Film review: Tommy Boy

Published: Thursday, April 20 1995 12:00 a.m. MDT

"Tommy Boy" manages to get some laughs out of its teaming of two "Saturday Night Live" regulars — Chris Farley and David Spade. And while these guys have comic talent, they need to tone it down for the big screen.

The story has Farley as the title character, Tommy Callahan Jr., who is a clumsy loser. When he's forced to take over the family business, an auto parts company that is the lifeblood of his small hometown, Sandusky, Ohio, Tommy doesn't have a clue. So, Big Tom Sr. (Brian Dennehy) assigns his right-hand man, sarcastic and obnoxious Richard Hayden (Spade), to show Tommy the ropes.

The bulk of the film has Tommy and Richard on the road together, trying to follow the super-salesman example of Big Tom. But Richard is so snide and Tommy is so crazed, they scare off the customers.

Meanwhile, the owner of a national auto-parts chain (Dan Aykroyd in an extended but un-billed cameo) is trying to buy Big Tom's company, and if he does, the whole town will go under.
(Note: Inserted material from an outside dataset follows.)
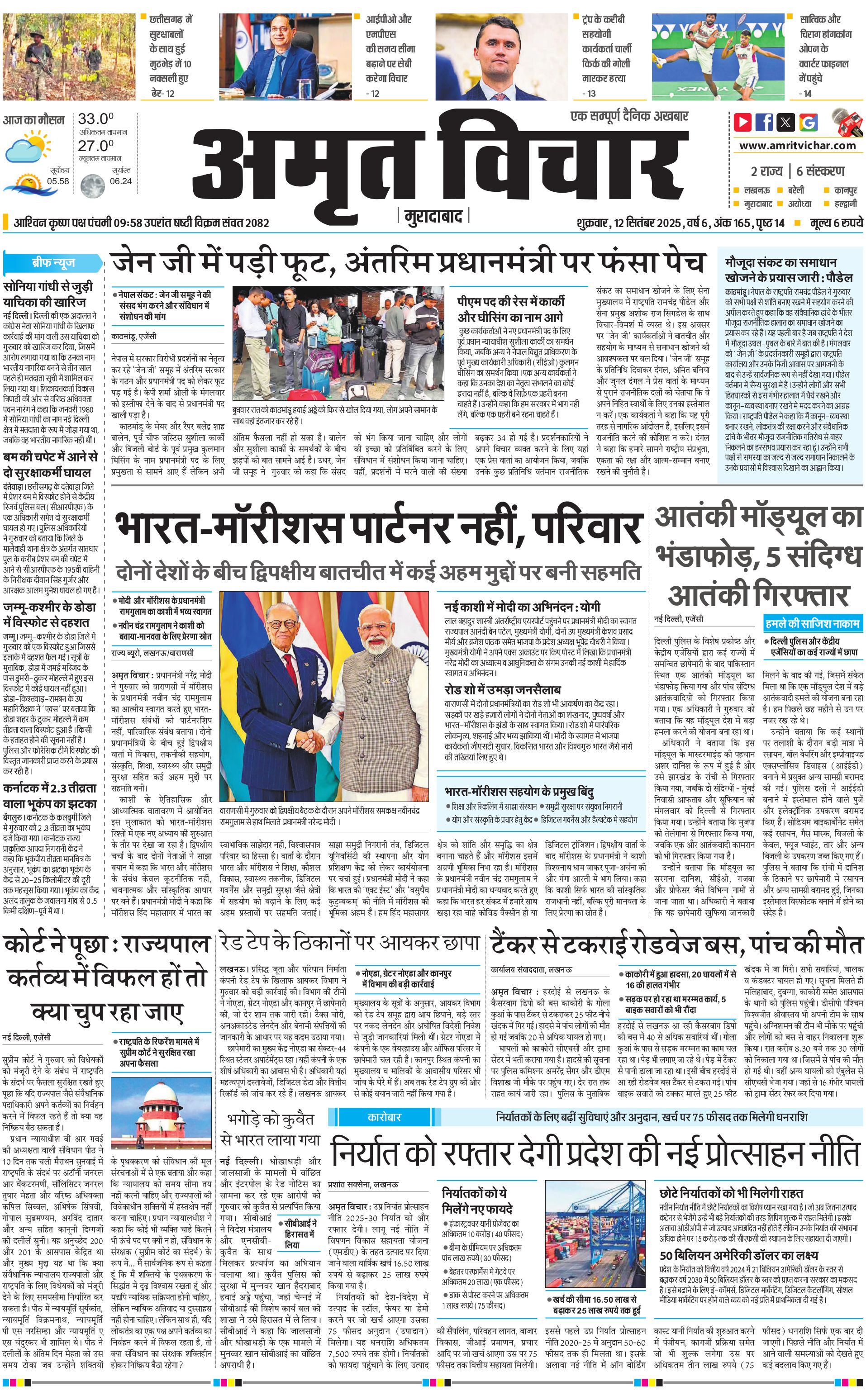 Moradabad - 12 Sep 2025 - - Page 1

If that's not enough, Big Tom's new wife (Bo Derek) and her "son" (Rob Lowe) are using sabotage to facilitate the sale. (When Tommy meets his new stepmother as she climbs out of a swimming pool wearing a bikini, he says, "She's like a 10!")

This is predictable and very silly stuff, but there are some solid laughs, and director Peter Segal ("Naked Gun 331/3: The Final Insult") even manages to get Farley and Spade to develop their characters before it's over. Surprisingly, however, some of the biggest laughs come from Rob Lowe, whose deadpan slapstick is well-played.

There are scenes in "Tommy Boy" that are far too vulgar for children, however, despite the PG-13 rating — including a lengthy series of infantile masturbation jokes during a motel sequence. The rating is also for profanity, violence and nudity.